## Problem requirements
An exact transcription is needed of the lines below from the one with "Figure 7. Herniaria" through the one with "The Rock Creek-Montanore", with no other lines and no pictures.

## Provided data

-- Opening Marker --

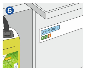
Run the dishwasher cycle to ensure the product is pulling through.
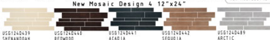
USG1240439 SHENANDOAH USG1240440 REDWOOD USG1240441 ACADIA USG1240442 SEQUOIA USG1240489 ARCTIC
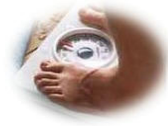
2. The 'Perfect' Diet for YOU
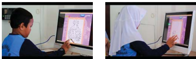
Fig. 3 Children interacted with BatiKids through touch screen
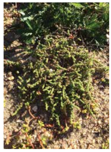
Figure 7. Herniaria hirsuta subsp. cinerea (hairy rupturewort).

(not native) Caryophyllaceae, the Pink Family
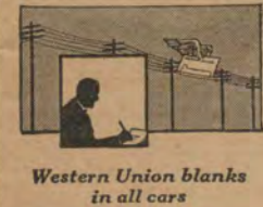
Western Union blanks in all cars

A Telegram will solve that problem —of guiding the office in that important matter; of reserving accommodations; of making appointments; of saying "hello!" to friends and family. Cost is low. The porter will see that your telegram goes from the next station. The Union Pacific System connects with Western Union—the one telegraph system that serves everyone everywhere.
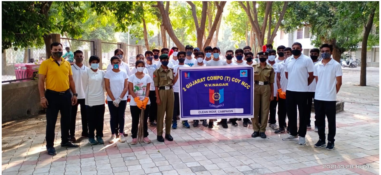
Clean India Program 28/10/2021
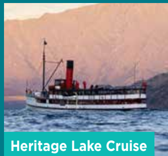
Heritage Lake Cruise

Continue to Queenstown for dinner and an overnight stay.
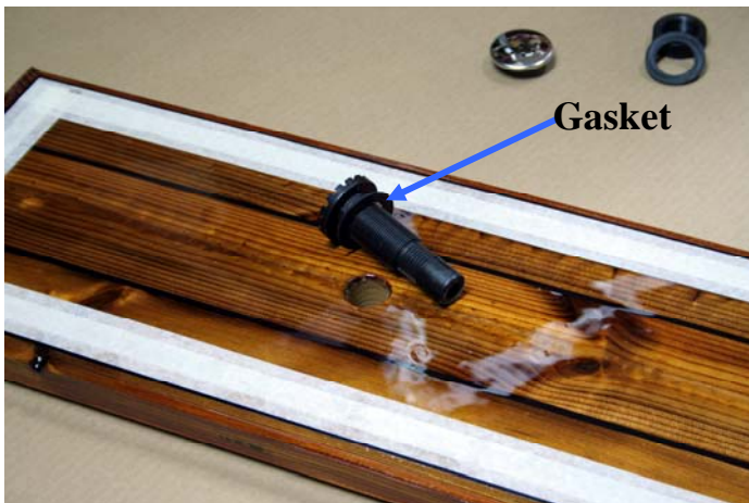
Assemble the air jet. The thinner of the gaskets is placed on the top side.
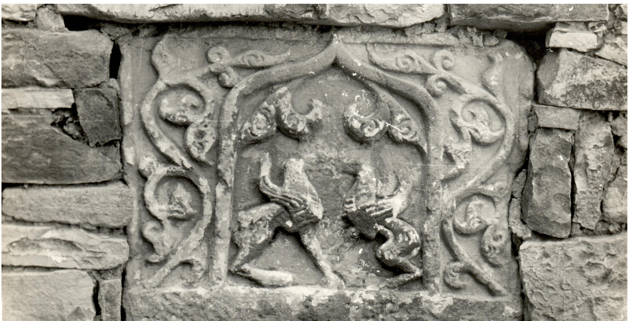
Fig. 8. A relief with images of crouched winged opposing animals (heads broken off) and with floral ornaments in the masonry of the wall of O. Shirpaev's house in the lower district of the village Kubachi. Second half of the 14th c.

Рис. 7. Замковый камень с орнаментом, вставленный в кладку северной продольной стены Большой мечети XV в. в нижнем квартале сел. Кубачи. Изображение животного в нижней части рельефа полностью сбито
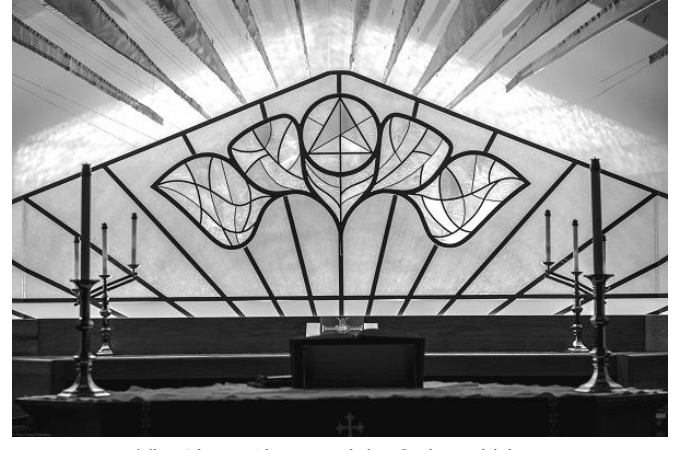
The Altar
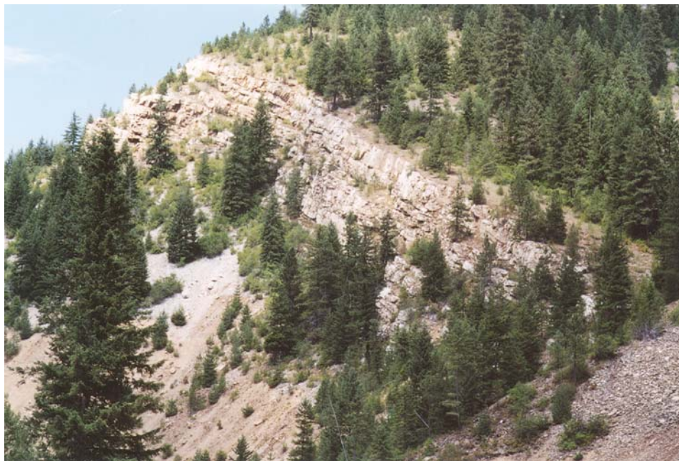
U.S. Geological Survey scientists recently completed an assessment of copper-silver deposits in the Revett Formation in northwestern Montana and northern Idaho. This photograph shows an outcrop of Revett Formation quartzite beds in the Coeur d'Alene Mining District of northern Idaho.

The Rock Creek-Montanore and Troy deposits, which are currently the most significant undeveloped resources identified in the western Montana copper belt, are among the Nation's largest stratabound copper-silver deposits, containing about 15 percent of the copper in such deposits in North America. Worldwide, stratabound copper-silver deposits contain 23 percent of all copper resources and are the second-most important global source of the metal after porphyry copper deposits.
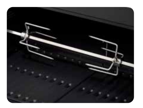
TCEAC-004 Rotisserie kit
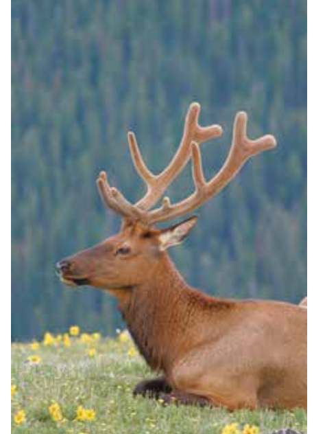
Open mid-May through early October

historic Jackson Lake Lodge, or the rustically elegant Jenny Lake Lodge. If you're looking for the perfect family camping adventure, Colter Bay Village provides a choice of log cabins, tent cabins, and RV Park, or choose from one of our three campgrounds located throughout the park.
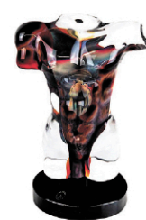
60: DINO ROSIN Adonis Murano Glass Sculpture
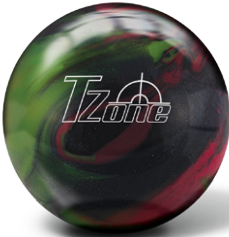
NORTHERN LIGHTS 60-105526-93X – Weights 6, 8-16
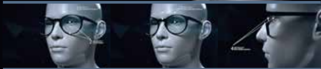
Fitting height Naso-pupillary distance Back Vertex distance
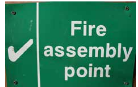
Fire assembly point sign.jpg
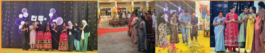
Group song by S1S2 students

-- Closing Marker --

## Result of this task
Figure 7. Herniaria hirsuta subsp. cinerea (hairy rupturewort).

(not native) Caryophyllaceae, the Pink Family
Western Union blanks in all cars

A Telegram will solve that problem —of guiding the office in that important matter; of reserving accommodations; of making appointments; of saying "hello!" to friends and family. Cost is low. The porter will see that your telegram goes from the next station. The Union Pacific System connects with Western Union—the one telegraph system that serves everyone everywhere.
Clean India Program 28/10/2021
Heritage Lake Cruise

Continue to Queenstown for dinner and an overnight stay.
Assemble the air jet. The thinner of the gaskets is placed on the top side.
Fig. 8. A relief with images of crouched winged opposing animals (heads broken off) and with floral ornaments in the masonry of the wall of O. Shirpaev's house in the lower district of the village Kubachi. Second half of the 14th c.

Рис. 7. Замковый камень с орнаментом, вставленный в кладку северной продольной стены Большой мечети XV в. в нижнем квартале сел. Кубачи. Изображение животного в нижней части рельефа полностью сбито
The Altar
U.S. Geological Survey scientists recently completed an assessment of copper-silver deposits in the Revett Formation in northwestern Montana and northern Idaho. This photograph shows an outcrop of Revett Formation quartzite beds in the Coeur d'Alene Mining District of northern Idaho.

The Rock Creek-Montanore and Troy deposits, which are currently the most significant undeveloped resources identified in the western Montana copper belt, are among the Nation's largest stratabound copper-silver deposits, containing about 15 percent of the copper in such deposits in North America. Worldwide, stratabound copper-silver deposits contain 23 percent of all copper resources and are the second-most important global source of the metal after porphyry copper deposits.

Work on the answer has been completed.